What is being asked >>
Repeat the full listing that follows, word for word.

Dataset section >>
——

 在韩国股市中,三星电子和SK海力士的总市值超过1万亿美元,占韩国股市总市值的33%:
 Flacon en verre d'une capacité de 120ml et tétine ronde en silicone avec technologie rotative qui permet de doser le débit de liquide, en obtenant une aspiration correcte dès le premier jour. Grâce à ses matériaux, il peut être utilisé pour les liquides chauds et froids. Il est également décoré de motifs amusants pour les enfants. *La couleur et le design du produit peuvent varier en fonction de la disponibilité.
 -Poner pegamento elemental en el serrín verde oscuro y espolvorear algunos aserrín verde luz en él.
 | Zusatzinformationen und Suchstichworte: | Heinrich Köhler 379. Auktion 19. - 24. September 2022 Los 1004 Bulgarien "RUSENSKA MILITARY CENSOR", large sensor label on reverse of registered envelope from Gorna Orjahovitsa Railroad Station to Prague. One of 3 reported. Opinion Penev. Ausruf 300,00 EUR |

——

Solution to this task >>
 在韩国股市中,三星电子和SK海力士的总市值超过1万亿美元,占韩国股市总市值的33%:
 Flacon en verre d'une capacité de 120ml et tétine ronde en silicone avec technologie rotative qui permet de doser le débit de liquide, en obtenant une aspiration correcte dès le premier jour. Grâce à ses matériaux, il peut être utilisé pour les liquides chauds et froids. Il est également décoré de motifs amusants pour les enfants. *La couleur et le design du produit peuvent varier en fonction de la disponibilité.
 -Poner pegamento elemental en el serrín verde oscuro y espolvorear algunos aserrín verde luz en él.
 | Zusatzinformationen und Suchstichworte: | Heinrich Köhler 379. Auktion 19. - 24. September 2022 Los 1004 Bulgarien "RUSENSKA MILITARY CENSOR", large sensor label on reverse of registered envelope from Gorna Orjahovitsa Railroad Station to Prague. One of 3 reported. Opinion Penev. Ausruf 300,00 EUR |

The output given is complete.